Well, I managed to do it: I screwed up and big time.
If we were sharing our lives over coffee this weekend, let’s make mine Irish.
Because I could use the drink.
I’m still in my jammies. Having done prom last night, and waking up to a not-so-pleasant discussion, I’ve decided today is a day when I’m not going to leave the house. I’ll get to all that in a bit, but first I need to address a few things first. They’re related, so I suppose that helps, but let’s start with the big one:
I owe the Boy an apology.
See, I use this blog as a way to work through stuff that is difficult for me to maneuver because of my condition/disorder/whatever you want to call it (Aspergers); I’ve discussed this before.
Sometimes, though, I forget that other people
can are reading it.
I mean, I know the Ex reads them every now and then because it usually causes a fight. He doesn’t like how I portray him, but, as some people who know him and I both have said to me, if he doesn’t like how I see him, he should change his behavior.
I do know that quite a few of my friends read this blog, but most of them are out of town, and several are out of state. It’s sometimes easier for me to tell them to just read a blog post than to go into detail of what’s going on in my life because (as some of you may have noticed) I’m a bit verbose.
Hey, I’m thorough! But it is that thoroughness that is the issue today.
It seems that at some point, I got so wrapped up in discussing what was going on in my life that I forgot to think about other people’s feelings and concerns about privacy.
And by “other people,” I mean the Boy.
I enjoy his company so much and have so much fun with him that I felt like I should share that. Sometimes I was trying to work through what was going on, and sometimes I just got wrapped up in remembering the memory. And sometimes (though this is rare), something just seemed too good not to share.
But I had no right to put so much detail in here without consulting him.
What’s worse, at some point I knew that. One of the earliest posts about him was me saying that I couldn’t tell certain things about him because it wasn’t my place to share some of it. The reason why I struggled getting him a nickname (and partially why he got the Ex’s old nickname) was because there are so many things that I can’t tell about him for fear of giving away his identity!
Apparently it didn’t work. I guess at some point people knew it was him, or our mutual friends figured it out. Or I don’t know.
But never has it been my intention to hurt him. Though I feel it’s a cop-out, it also happens to be true that I’m still broken inside. The Ex did quite a number on me, and it’s taken me a really long time to get over… probably because he kept coming back but repeating the bad behavior.
And the list of painful memories from the men in my past have left my ability to read men a little shattered.
Having said that, there have been times when I’ve been a bit more mean to some of the guys of the past than I’d meant to be, or more than they probably deserved. Like I know I really let the Pirate have it, and the Bartender.
Plus, the Ex gets more than his fair share of my ire because he never really ever attempted to make amends for the hurt he caused me and when he and I were on speaking terms, I would get beyond frustrated at the fact that he just thought it was all gone, even though he was still doing the same hurtful things.
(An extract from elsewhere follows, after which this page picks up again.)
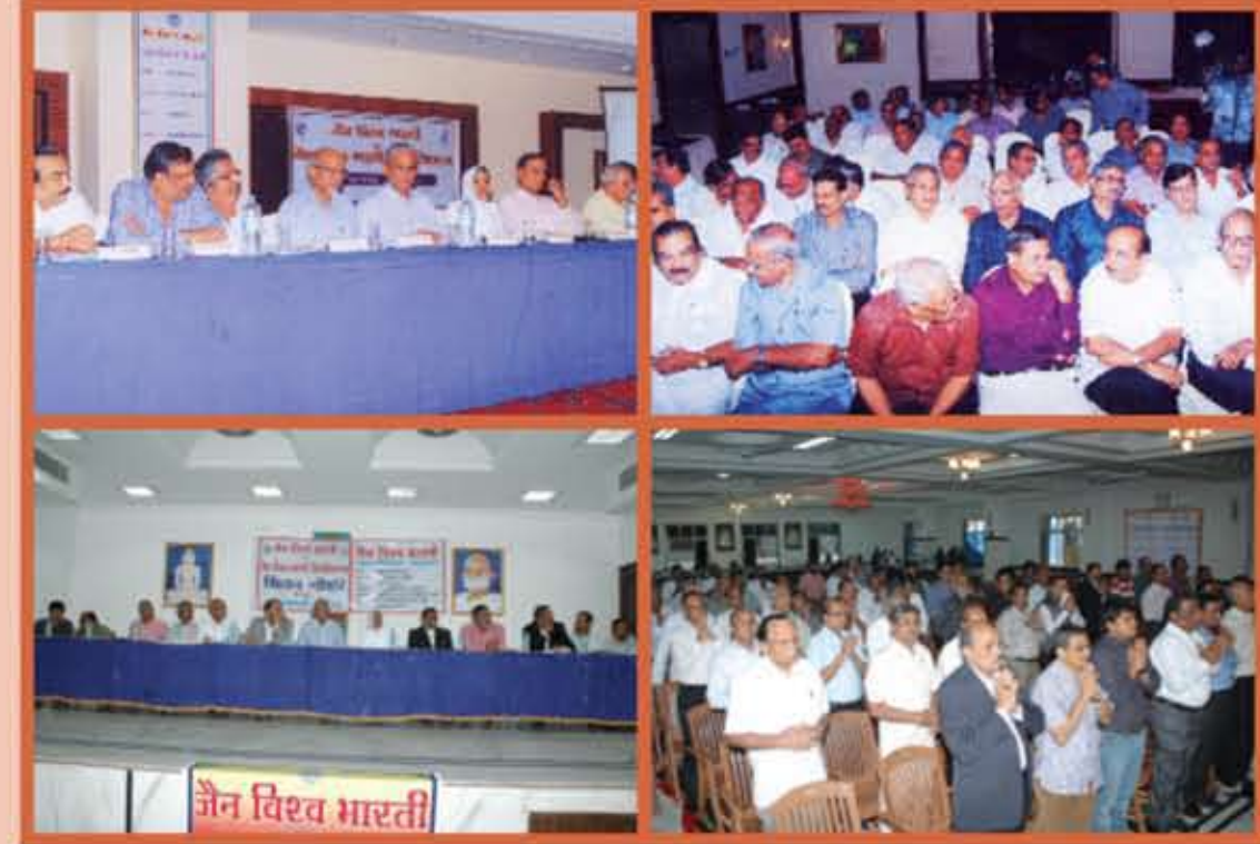
चेन्नई एवं बंगलुरु में आयोजित संगोष्ठी में मंचस्थ पदाधिकारीगण एवं उपस्थित श्रावक समाज

चेन्नई एवं बंगलुरु में जैन विश्व भारती एवं जैन विश्व भारती विश्वविद्यालय पर चिंतन गोष्ठी आयोजित

To his credit, though, the Ex did tell me that even though it bothered him, he wouldn’t tell me what I should or shouldn’t say about him on here because he recognized that it was my blog and a way for me to work through how I process the world. The Boy said something similar today as I was going through and changing the settings of several of my old posts because they had hurt him and he was right about me being too forthcoming with details.
Yes, if you were looking for a particular post only to be told you can’t view it, that is because I went through and changed almost all the posts mentioning the Boy to private.
There were a few that I felt like were okay to keep them as they were, and I’ve kept all of the poetry, though almost all the poetry since I met him has been somewhat based on my interactions with him.
Personally, I think there’s more detail in some of them than in the posts, but they aren’t directly telling secrets that aren’t mine to tell, so they survived the culling.
I wish I could explain how he makes me feel and why I just got so overwhelmed at the very thought of him and of the what could be (if even only for a short while) that I threw all my early carefulness out the window!
I’ve wanted to figure out a way to write it in poem format and I get lost in the memory of the way he holds me so that we’re facing each other and just breathing in the essence of one another, foreheads and noses touching. It is the singular most intimate moment I’ve ever experienced and it makes me giddy as a school girl because I’ve never felt that close to another person.
I think I’ve been afraid from the very beginning that it was fake, just like all the rest. And that when it was over I’d wipe it away like all the good memories I have of the Bartender. With him, if I didn’t have this one photo, I’d never have remembered how happy I was with him for a brief time.
I mean, look at that smile! I was having a good time!… but it was all a lie.
The knowledge that it was all a lie overshadows any positives that were there, and there’s this lengthy list of men who I allowed myself to feel something, even though it wasn’t as intense as I often make it out to be on here, only to find out that there was nothing to it for them. Not even the slightest bit of affection for me. To them, I served a singular purpose.
While I know that is not what is happening here, I still know that it will end, as much as I may hope for it to be otherwise. I wanted to write it all down for posterity, but completely forgot that I wasn’t just talking to myself in a diary or a private post, or telling it to just a handful of close friends who might care about my well-being.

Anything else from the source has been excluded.